In fondo, il termine stesso “transizione” è a suo modo ingannevole: suggerisce la possibilità di un lento e graduale cambiamento, mentre la gravità delle crisi ecologiche – emergenza climatica in primis – ci racconta che c’è bisogno di una vera e propria rivoluzione, da agire a tappe serrate e attraverso scelte ben più radicali di quelle attuali.

Nel Docufilm sostieni che la tua storia è “una storia di attivismo e di impegno civico sull’ambiente”. Qual è stato, a tuo parere, il periodo in cui si è davvero iniziato a parlare di temi ambientali in modo concreto?
Le sfide ambientali hanno fatto il loro ingresso nel dibattito internazionale molti decenni fa. L’anno scorso abbiamo celebrato i 50 anni dalla pubblicazione del report “The Limits to Growth” – considerato una pietra miliare nel processo di affermazione delle tematiche ambientali a livello mondiale – e i 30 anni dall’Earth Summit di Rio e della Convenzione quadro sui Cambiamenti climatici. Di conseguenza, è molto tempo che la necessità di riportare il modello economico entro i limiti ecologici del Pianeta è un tema noto. Tuttavia, solo negli ultimi anni le questioni ambientali hanno assunto la centralità che meritano, complici gli allarmi della comunità scientifica e l’esacerbarsi di degrado ambientale e stravolgimenti climatici, i cui impatti sono più di prima sotto gli occhi di tutti. Ne sono un esempio le grandi mobilitazioni giovanili degli ultimi anni o l’attenzione mediatica crescente per l’emergenza climatica.
Un dato resta però preoccupante: permane una netta distanza tra raccomandazioni degli scienziati, crescente consapevolezza dell’opinione pubblica e risposte istituzionali. Il vero ostacolo è la mancanza di volontà politica di affrontare le questioni in campo.

Dopo le riprese del docufilm hai avuto la grande gioia di diventare madre. Come insegnerai a tuo figlio ad amare il Pianeta in cui vive? Da dove pensi di partire?
Una educazione ecologista è fondamentale, oggi più che mai, e deve iniziare dalle mura di casa.
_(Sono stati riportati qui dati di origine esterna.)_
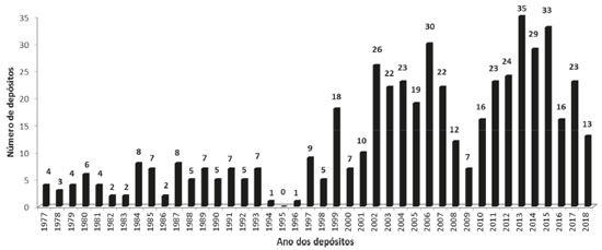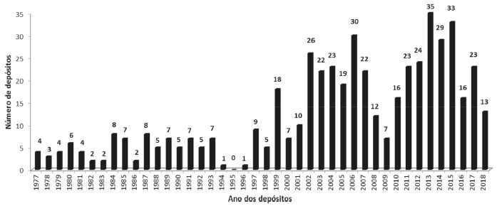 Observa-se que a Vale é a empresa com o maior tempo no mercado, seguida respectivamente pela Heringer, Oxiteno, Fertipar e Braskem. Em termos de vendas líquidas, também se encontra na liderança, mas as outras empresas não obedecem à mesma ordem anterior, sugerindo que não há uma relação direta entre tempo de atuação no mercado e vendas líquidas. Análise do portfólio de patentes Pedidos de patentes das cinco empresas depositados no INPI Após a busca realizada no site do INPI por patentes depositadas pelas cinco empresas foco deste estudo (utilizando os respectivos CNPJs), foram encontrados 510 depósitos de pedidos de patentes. A quantidade de depósitos demonstra o grande interesse das mesmas na proteção de sua propriedade industrial por meio de patentes, podendo indicar uma estratégia de negócios das organizações em relação à relevância das tecnologias do ponto de vista econômico, já que as empresas buscam retornos dos investimentos, ao protegerem seus ativos oriundos do desenvolvimento de pesquisas tecnológicas. Dos 510 pedidos de patentes, 59% pertencem à Vale, 27% à Braskem, 13% à Oxiteno e 1% à Heringer. Não foram encontradas patentes depositadas pela Fertipar na base de dados do Instituto Nacional de Propriedade Industrial. A distribuição anual dos depósitos de pedidos de patentes das cinco empresas analisadas pode ser observada na Figura 1.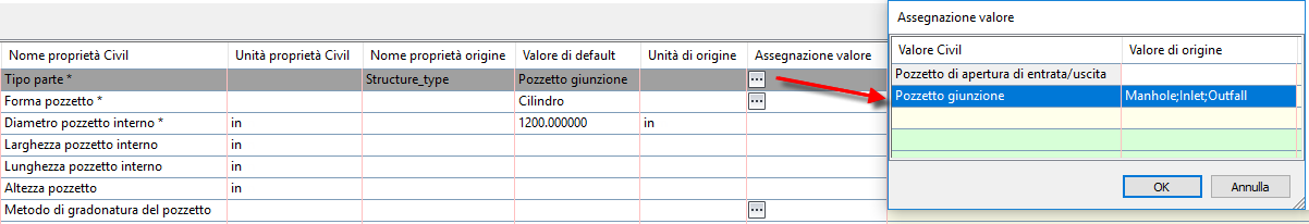 Nota: Se il Nome proprietà Civil presenta un asterisco (*) dopo il nome, è necessario specificare un Nome proprietà origine o un Valore di default.

Sono convinta che nella sfida educativa che attende chiunque diventi genitore è importante dedicare attenzione alla relazione con il contesto in cui viviamo; e il contesto in cui viviamo, visto col grandangolo, è il Pianeta. Occorre guidare i più piccoli a costruire sin dall’infanzia una relazione essere umano-natura fondata sull’armonia e il rispetto, a partire dalla consapevolezza che non siamo, come specie, padroni dell’ambiente naturale, ma parte di esso. Ed è importante farlo iniziando dalla vita di ogni giorno. Il gioco o le scelte quotidiane (cosa compriamo e cosa non compriamo, cosa mangiamo e cosa non mangiamo ecc. e soprattutto perché) sono utili a formare sensibilità e pensiero critico, come lo è dedicare tempo ad attività che favoriscano lo sviluppo di questa relazione o scegliere letture ad hoc, anche nei primissimi anni. Ciò premesso, ricordiamoci che le giovani generazioni hanno molta più coscienza ecologica di quanta non ne abbiano avuta le precedenti. Intendo dire che siamo noi ad avere molto da imparare dai più giovani, e questo, son sicura, varrà ancor più nei confronti di chi nasce oggi.